Why Kundalini Yoga Preceded—and Surpasses—Her Ontology
Kundalini Yoga as taught by Yogi Bhajan already includes everything Preeti points toward, and more. It is a complete psychospiritual technology. It provides kriyas to command the mind, meditations to clear the aura, breathwork to ignite the soul, and postures to stabilize the nervous system. The system integrates vibrational embodiment through the Radiant Body, energetic descent through the Soul Body, and subtle coordination through the chakra network. Kundalini Yoga does not reject Preeti’s insights—it absorbs and exceeds them. It offers not just healing but mastery.
Yogi Amandeep and the Reindigenization of the Map
In this context, Yogi Amandeep Singh plays a vital role. He is not simply echoing Yogi Bhajan—he is revealing the deeper tantric and Himalayan roots of the system. Where Bhajan engineered the map, Amandeep reveals its soil. His teachings move through myth, mantra, and ancestral vision. He restores memory to the map. He is a mystic cartographer, a guardian of the vibrational architecture behind the practices. He brings the lineage back to its indigenous context—not as nationalism, but as spiritual ecology.
Reindigenization and the Soul’s Return
What both Preeti and Amandeep are doing, in different ways, is reindigenizing Himalayan yogic practice. They are not modernizing it. They are unmodernizing it. They return it to ritual, to transmission, to story and breath and Earth. They remind us that when teachings globalize, they also destabilize.
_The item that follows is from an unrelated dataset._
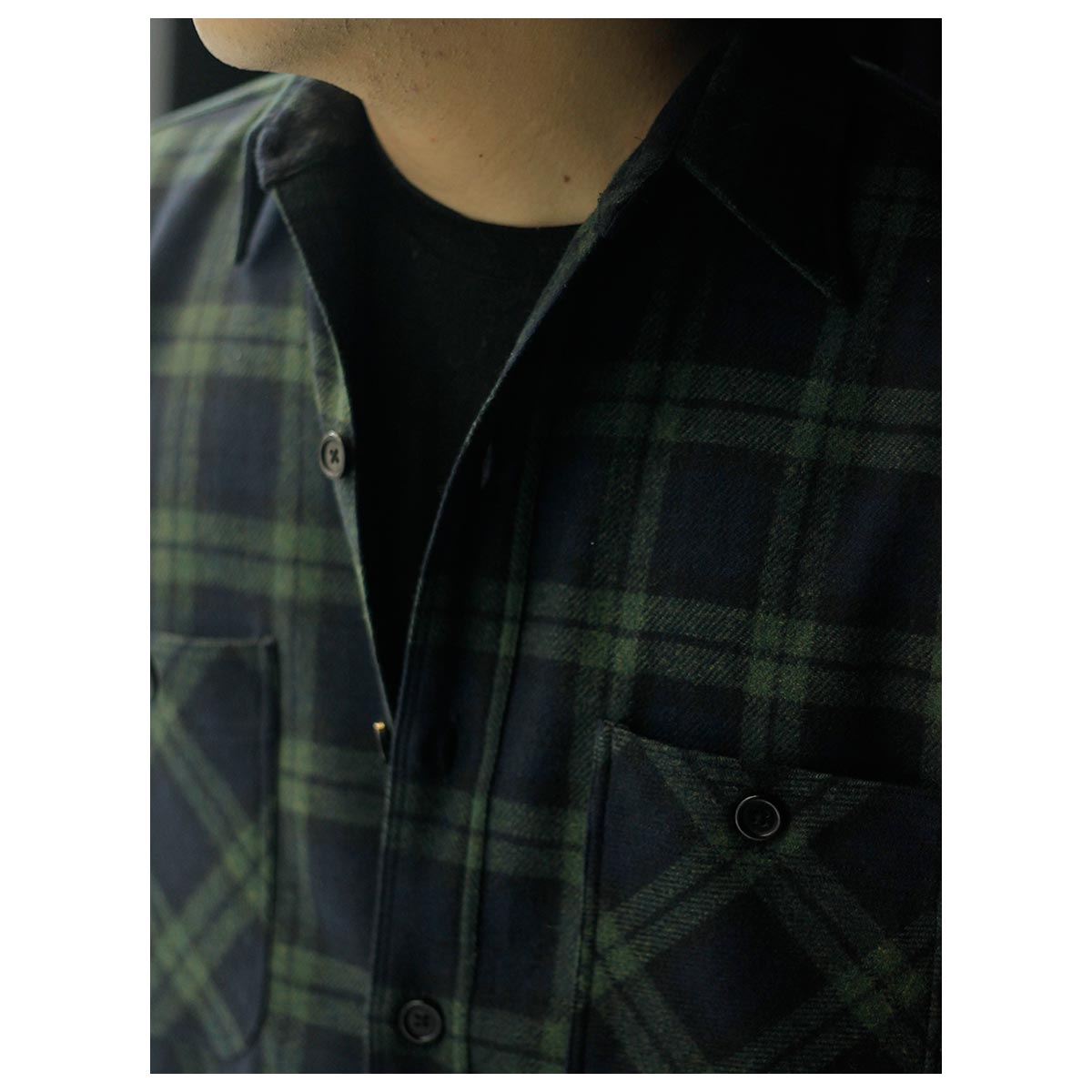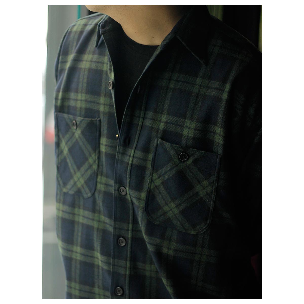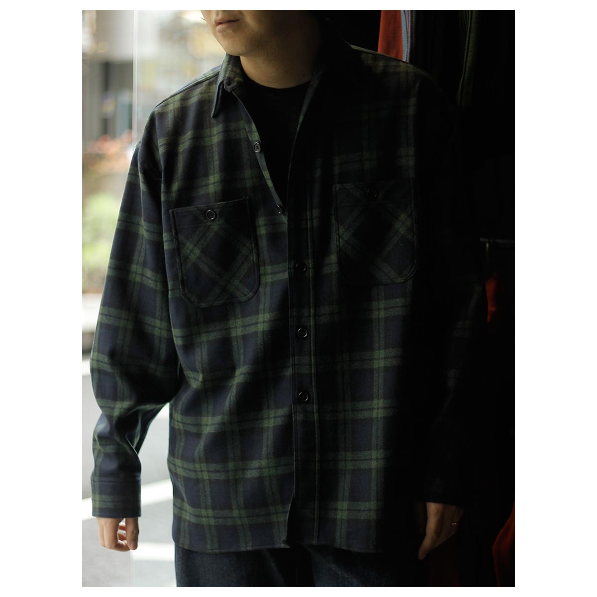別注で作製したブラックウォッチのワークシャツ。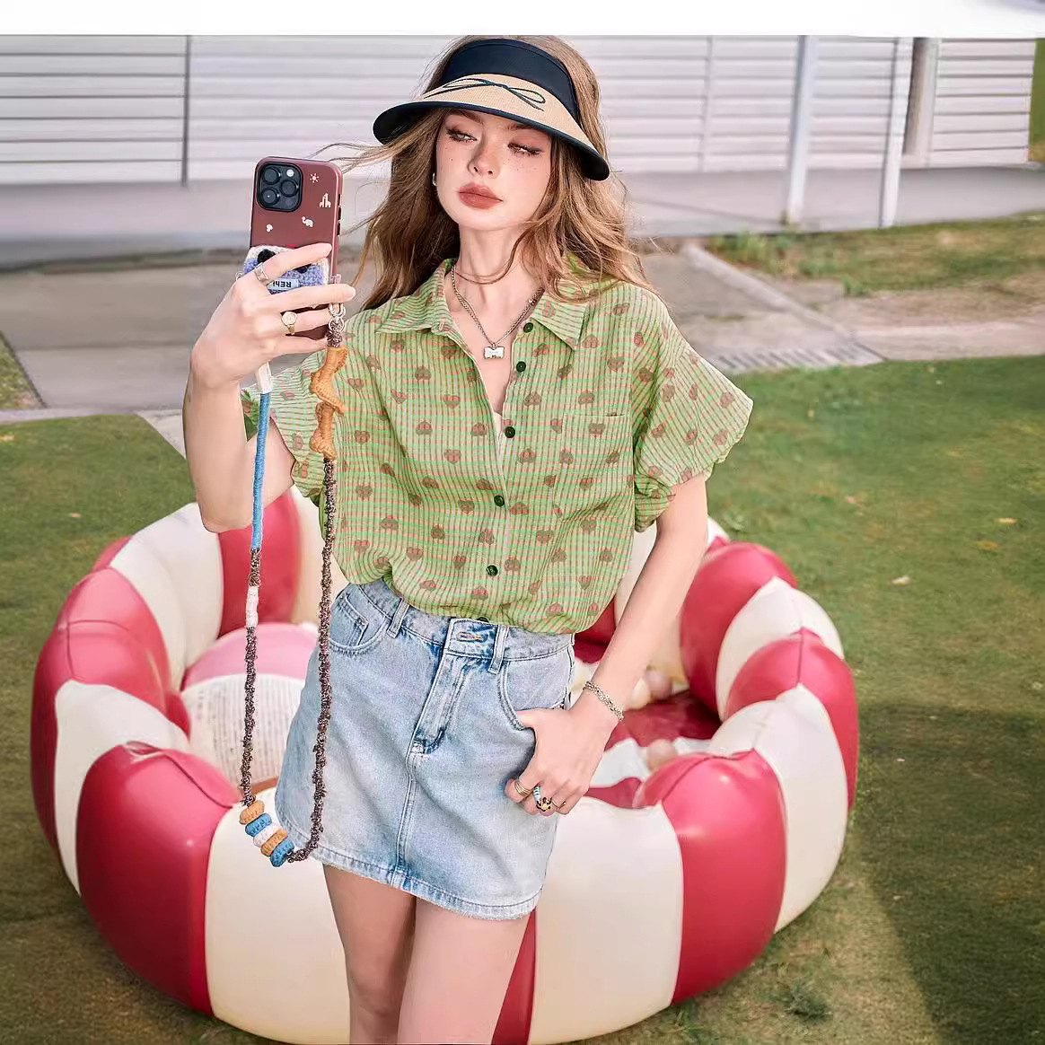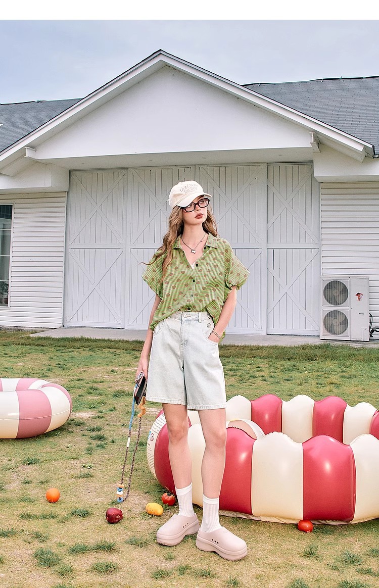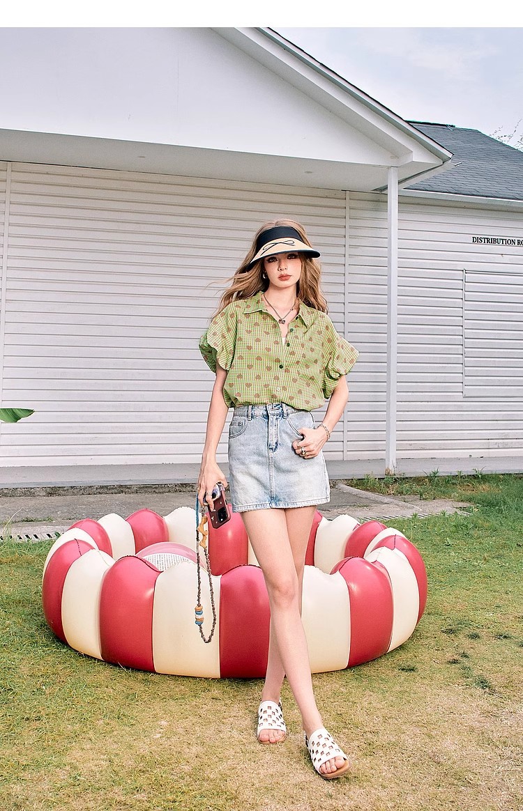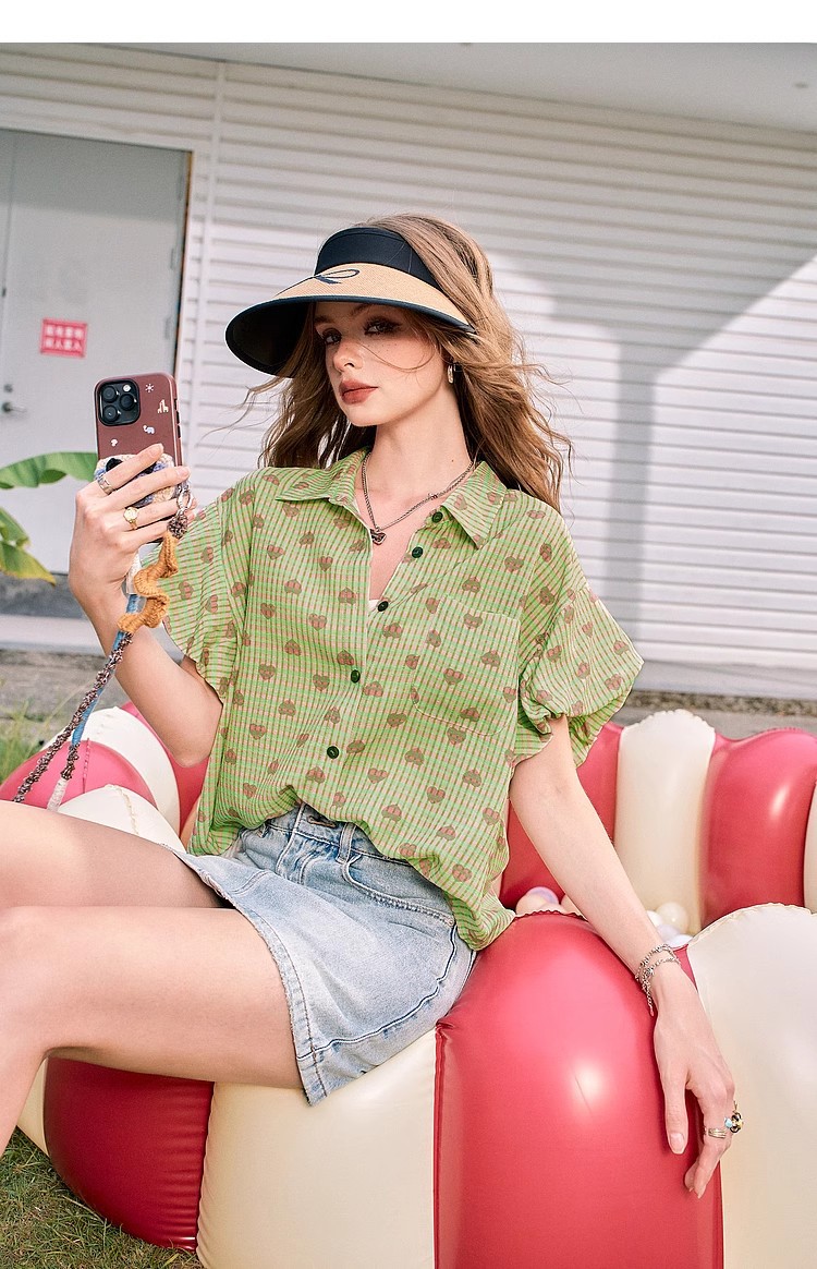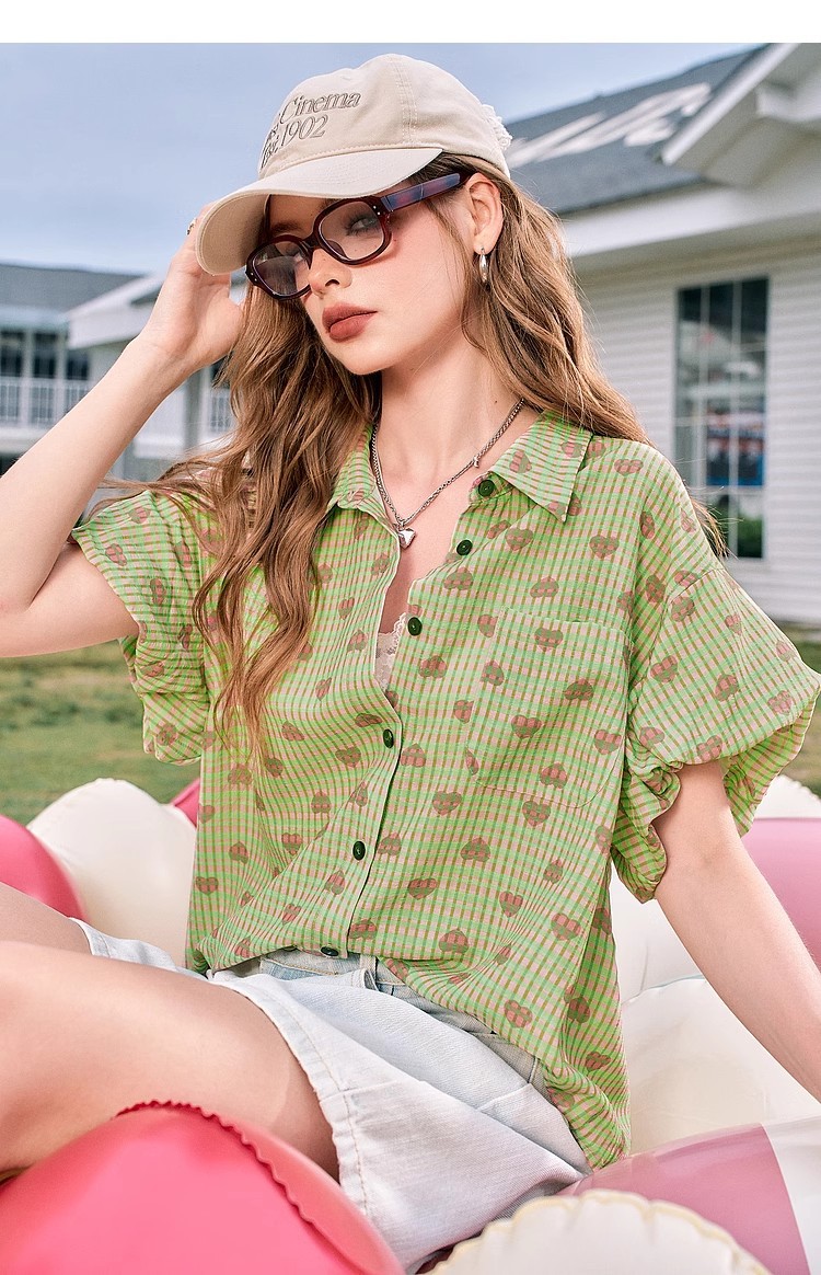 爱心印花格子短袖衬衫女夏季新款花苞袖气质小衫

They become aestheticized, diluted, commodified. The responsibility now lies with those who practice and transmit—to root the teachings again in being.
Our New Responsibility
As these lineages globalize, we must face a paradox. The more widespread a teaching becomes, the more easily it is emptied of its soul. The more access we have to knowledge, the more we must resist the illusion that information is transformation. The more we interface through screens and theories, the more we must return to body, breath, and ground.
This moment demands a new sacred orientation. Not toward spectacle, not toward theory—but toward origin, integrity, and embodied presence. Origin is not about the past. Origin is about gravity. When the soul leads the body, the origin is now. When the soul is absent, all that remains is technique.
Let us not forget: You are you. You are within you. And within you is the real you.